Definition & Overview
Shockwave therapy, also referred to as extracorporeal shockwave therapy (ESWT), is a non-invasive procedure in which pressure waves are introduced into the body to treat various musculoskeletal conditions. As suggested by its name, it involves acoustic shock waves passed through the skin and targeted towards injured areas using a special hand piece or device. It helps treat chronic pain in affected areas such as the heel and elbows.
In shockwave therapy, mechanical, audible, and low-energy shockwaves (and not electric in nature) are used. These are intense and made of short energy waves that travel faster than the speed of sound. The procedure works by enhancing blood flow to the injured area, thereby accelerating the natural healing process.

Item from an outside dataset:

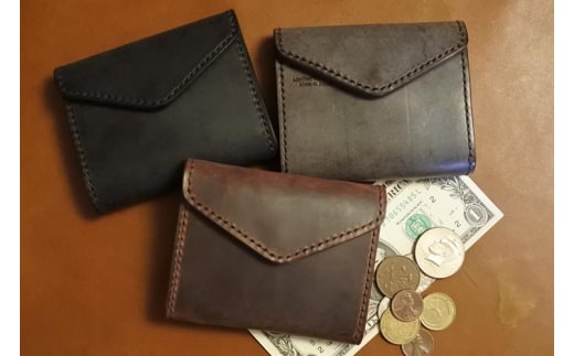 - 【バーガンディ】財布 高級ブライドルレザー ミニウォレット 手縫い カラー3色【ダークブラウン ブラック バーガンディ】|革 革製品 ミニ財布 コンパクト財布 メンズ レディース 小銭入れ ハンドメイド

The exact scientific reason for its effectiveness in alleviating pain and inflammation is yet to be fully understood, but experts believe that ESWT does have a direct effect on nerves.
The concept behind shockwave therapy is similar to that of lithotripsy, a technology that uses shockwave to break apart kidney stones and has been in use for decades as a standard procedure for the said condition without the need for surgery. Medical experts have built up on this technology and have found that shock waves can also accelerate the healing process.
Who Should Undergo and Expected Results
ESWT is used to treat various musculoskeletal pain, diseases, and conditions, specifically those that involve connective tissues attached to the bone. It is a more advanced treatment option considered if conservative treatments such as rest, ice therapy, painkillers, steroid injections, and physiotherapy fail to offer patients adequate relief. It can treat various conditions including:
Plantar fascitis or fasciosis – A condition characterised by stabbing pain in the heel due to the inflammation of plantar fascia, which connects the bones to the toes.
Achilles tendonitis – A condition caused by overuse of the Achilles' tendon, found between the calf muscles and the hind lower leg
Calcific tendonitis – This refers to pain caused by calcium buildup in the tendon, leading to pressure and irritation
Lateral epicondylitis or “tennis elbow” – A condition characterised by the inflammation and pain in the tendons of the elbow due to overuse of the forearm, arm, and the hand muscles
Morton’s neuromas – This refers to heel pain caused by thickening of connective tissues surrounding the nerve between the bases of the toes (common in women, usually due to long-term use of high heels or tight shoes)
Heel spur – This refers to the pain due to calcium deposit protrusion on the underside of the heel bone
Those suffering from the conditions above as well as other connective tissue related diseases are candidates for this treatment. Although generally safe, shock wave therapy is not recommended for:
- Pregnant women
- Patients taking blood clot inhibiting medications (anticoagulants) and antiplatelet drugs
- Patients with bone tumours and certain metabolic bone conditions
- Patients with nerve and circulation disorders
- Those with cardiac pacemaker or other device installed
- Those with foot infection
- Patients who had steroid injection in the past three months
How is the Procedure Performed?
After a full evaluation of medical history, the procedure is pre-planned by marking the trigger point and actual sore area, where a special gel is then applied. The ESWT hand piece is then positioned strategically to start transmitting shockwaves in marked areas. The handpiece delivers slow and gentle compressed air impulses through the ultrasonic gel. The entire procedure lasts only about 15 minutes.
During the procedure, patients usually feel some degree of pain. While the shock waves are being released, the orthopaedic specialist may adjust treatment to ensure that the pain is manageable and tolerable for the patient.
Energy pulsations of ultrasonic waves sent into the body in ESWT simulate the body’s innate self-healing process, making the procedure effective in inducing healing.
After the session, patients are usually able to stand up and walk normally. Pain medications, anti-inflammatory medication, or ice therapy are NOT recommended as these might interfere with the proper healing process. While normal activities can be resumed right away, strenuous activities must be avoided 48 hours after the ESWT session.
Most patients notice significant improvement after just one session. Success rates are about 80%, and increases to 90% with a second treatment.
Possible Risks and Complications
With shockwave therapy, there is no need for surgery, anaesthesia, or medications. As such, the procedure is free of side effects, assuming proper preparations were conducted. However, some patients report slight tingling sensation, hypersensitivity, redness, bruising or swelling, numbness, and warmth – all of which go away within a few days.
There may be a small risk for tendon or ligament to rupture as well as soft tissue damage. However, this complication can be easily avoided by hiring the services of a highly experienced medical consultant.
Waugh CM, Morrissey D, Jones E, Riley GP, Langberg H, Screen HR (2015). "In vivo biological response to extracorporeal shockwave therapy in human tendinopathy." European Cells & Materials 29: 268–80; discussion 280.
Zuoziene G, Leibowitz D, Celutkiene J, Burneikaite G, Ivaskeviciene L, Kalinauskas G, Maneikiene VV, Palionis D, Janusauskas V, Valeviciene N, Laucevicius A (2015). "Multimodality imaging of myocardial revascularization using cardiac shock wave therapy". International Journal of Cardiology 187: 229–30.